Converting natural forests to tea plantations reduced soil phosphorus sorption capacity in subtropical China

Abstract

AbstractConverting natural forests to agricultural lands has been widespread globally due to increasing population and the demand for food. Phosphorus (P) is often applied to agricultural lands in excessive amounts which can saturate the natural P sorption capacity of the soil, leading to P leaching and subsequent off‐site water eutrophication. We studied the effect of land‐use conversion from natural forests to tea plantations on total soil P, P fractions, and P sorption capacity in subtropical China. Compared to natural forests, total soil P concentrations increased significantly in both 0–20 and 20–40 cm depths in tea plantations, indicative of the accumulation of P fertilizer. The increases in total soil P were primarily found in NaOH‐extractable inorganic P and residual P fractions in both depths, suggesting that P fertilizer was sorbed and occluded into more stable forms due to the high abundance of sorbents (i.e., iron [Fe], aluminum [Al] minerals, and clay).

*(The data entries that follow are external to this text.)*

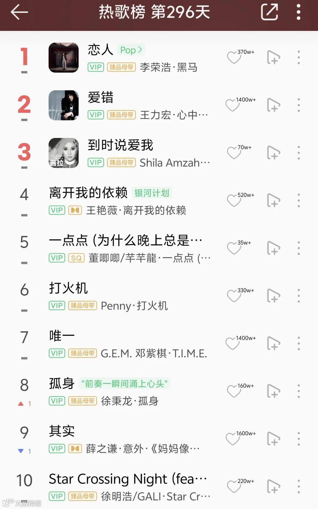 2、10年前的老歌2首上榜。
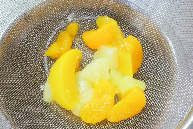 1. 缶詰のフルーツを使う場合は、ザルに上げてシロップを切ります。
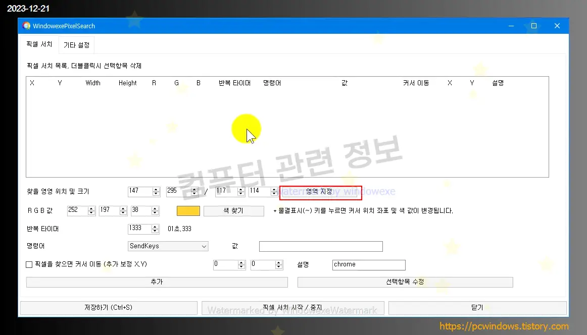 저장을 누르고, 픽셀 서치 시작 / 중지를 클릭하면 지정한 영역에서 색을 찾고, 색을 찾게 되면 해당 명령어를 실행합니다.
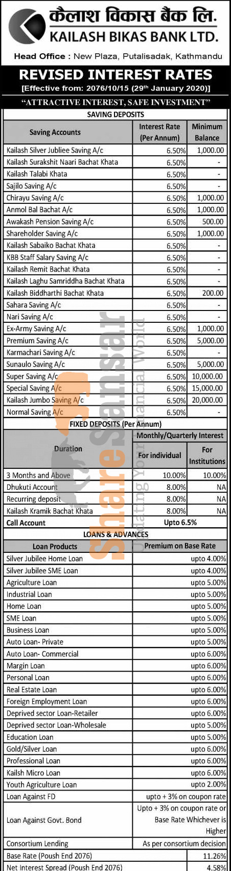 Kailash Bikas Bank Limited has published a notice regarding new interest rate and its effective from 15th Magh, 2076.
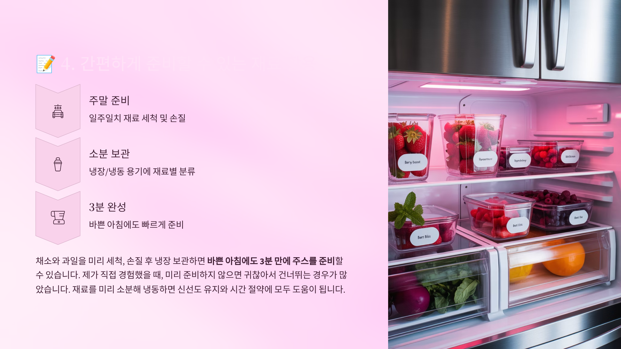채소와 과일을 미리 세척, 손질 후 냉장 보관하면 **바쁜 아침에도 3분 만에 주스를 준비**할 수 있습니다.
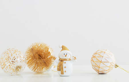 Merry Christmas and Happy Holidays greeting card background with copyspace on the left. Golden Christmas gifts and decor on white background top view. Winter xmas holiday theme in flat lay style
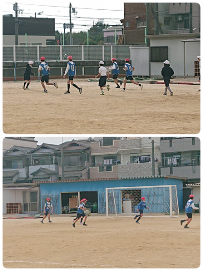 チームに分かれてボールに向かってガンバっている姿が印象的です。
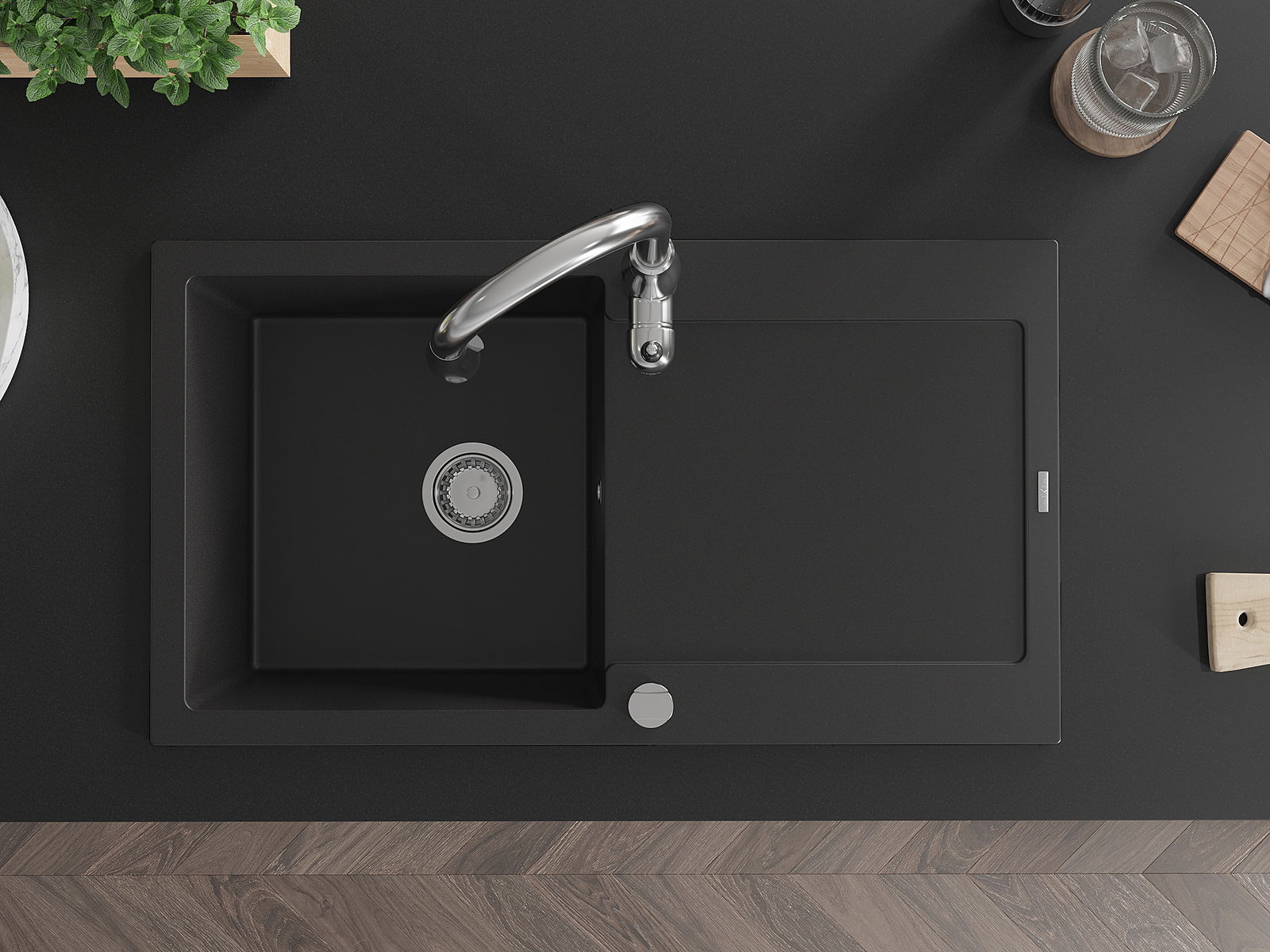 Mexen Leo chiuvetă de bucătărie din granit cu o cuvă și scurgător și baterie de bucătărie Savita, negru - 6501-77-672601-00

Across all soil samples, oxalate‐extractable Fe was the best predictor of soil maximum P sorption capacity (r = 0.94, p < 0.001). Surprisingly, the conversion from natural forests to tea plantations decreased both oxalate‐extractable Fe concentration and soil maximum P sorption capacity, hereby increasing the degree of P saturation in soils. Depletion of P sorbents (i.e., soil amorphous Fe) is likely a consequence of Fe removal through tea production and soil erosion, indicating soil degradation. Plantation soils have also shown other signs of degradation including the loss of nutrients (e.g., total soil nitrogen and oxalate‐extractable calcium) and soil organic matter. Our results demonstrate that the conversion of natural forests to tea plantations reduced the ability of the soil to sorb P by both saturating the natural P sorption capacity and depleting P sorbents. Soil degradation resulting from land‐use conversion has increased the environmental risk of P leaching loss, emphasizing the need for improved P fertilization management.